— Instructions for the task —
Everything in the listing below should be written out again exactly, except the pictures.

— Data extract —
★ ★ ★ ★

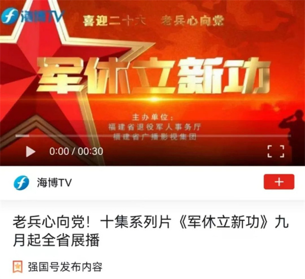 日前,由省退役軍人廳聯合省廣播影視集團精心打造的10集系列紀錄片《軍休立新功》,已在福建新聞頻道、海博TV重要時段完成第一輪的連續展播,不少新媒體網絡平臺也相續轉播,引起熱烈反響。許多觀眾紛紛留言表示,通過電視、互聯網等媒體平臺宣傳軍休干部,讓人們看到軍休干部離軍不離黨的新風采。
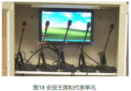 第四步,將移頻器放入設(shè)備柜中部棚板上,將主席單元,代表單元放入上部棚板,如圖18所示。
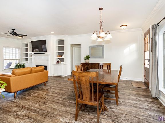 Charming, updated, move-in ready home in popular Springlake! This home has been renovated with new wood flooring throughout (no carpet), interior paint, granite counters in kitchen, and some bathroom updates. The open floor plan features a spacious living area with fireplace and built-ins, dining room and kitchen with great cabinet space and storage. The master suite features an en-suite bathroom with dual vanities, soaking tub, shower and large walk-in closet. The second bedroom area is on the opposite side of home for privacy. Don’t miss the office off the kitchen with built-in desk and shelving. The back yard has a comfortable patio area and is fully fenced with a fig tree in the corner that blooms in the spring. There is an open grass area behind the home offering extra privacy with no direct rear neighbor. New roof installed in 2022 and newer hot water heater. Springlake residents enjoy a community pool, clubhouse, basketball and tennis courts and lakes throughout. Home is in Flood Zone X. Great location convenient to LSU, Highland and Perkins Rd, shopping and popular restaurants.
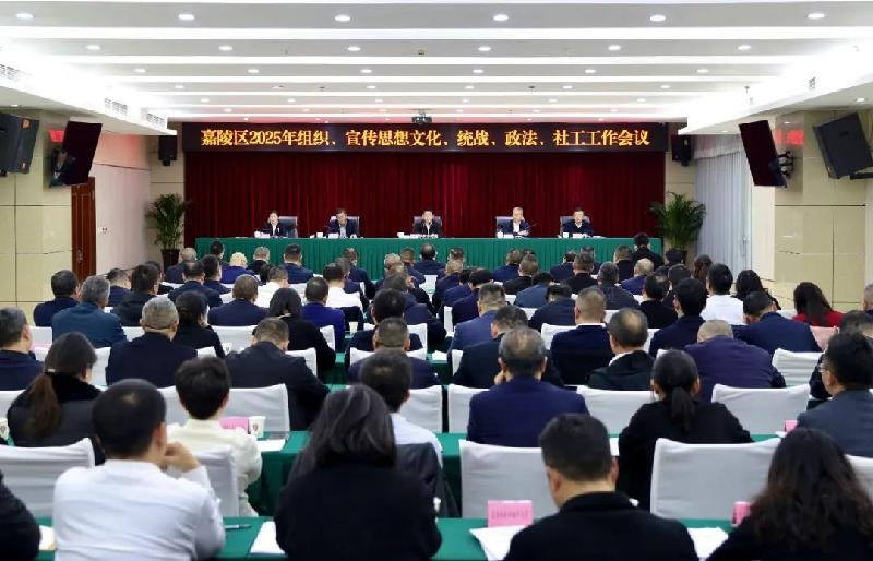 3月21日下午,嘉陵区组织、宣传思想文化、统战、政法、社会工作会议召开。会议坚持以习近平新时代中国特色社会主义思想为指导,认真贯彻落实国省市相关会议精神和省委、市委主要领导批示精神,总结经验、分析形势,安排2025年工作任务。区委书记张青松主持会议并讲话。

★ ★ ★ ★

— Solved exercise —
 日前,由省退役軍人廳聯合省廣播影視集團精心打造的10集系列紀錄片《軍休立新功》,已在福建新聞頻道、海博TV重要時段完成第一輪的連續展播,不少新媒體網絡平臺也相續轉播,引起熱烈反響。許多觀眾紛紛留言表示,通過電視、互聯網等媒體平臺宣傳軍休干部,讓人們看到軍休干部離軍不離黨的新風采。
 第四步,將移頻器放入設(shè)備柜中部棚板上,將主席單元,代表單元放入上部棚板,如圖18所示。
 Charming, updated, move-in ready home in popular Springlake! This home has been renovated with new wood flooring throughout (no carpet), interior paint, granite counters in kitchen, and some bathroom updates. The open floor plan features a spacious living area with fireplace and built-ins, dining room and kitchen with great cabinet space and storage. The master suite features an en-suite bathroom with dual vanities, soaking tub, shower and large walk-in closet. The second bedroom area is on the opposite side of home for privacy. Don’t miss the office off the kitchen with built-in desk and shelving. The back yard has a comfortable patio area and is fully fenced with a fig tree in the corner that blooms in the spring. There is an open grass area behind the home offering extra privacy with no direct rear neighbor. New roof installed in 2022 and newer hot water heater. Springlake residents enjoy a community pool, clubhouse, basketball and tennis courts and lakes throughout. Home is in Flood Zone X. Great location convenient to LSU, Highland and Perkins Rd, shopping and popular restaurants.
 3月21日下午,嘉陵区组织、宣传思想文化、统战、政法、社会工作会议召开。会议坚持以习近平新时代中国特色社会主义思想为指导,认真贯彻落实国省市相关会议精神和省委、市委主要领导批示精神,总结经验、分析形势,安排2025年工作任务。区委书记张青松主持会议并讲话。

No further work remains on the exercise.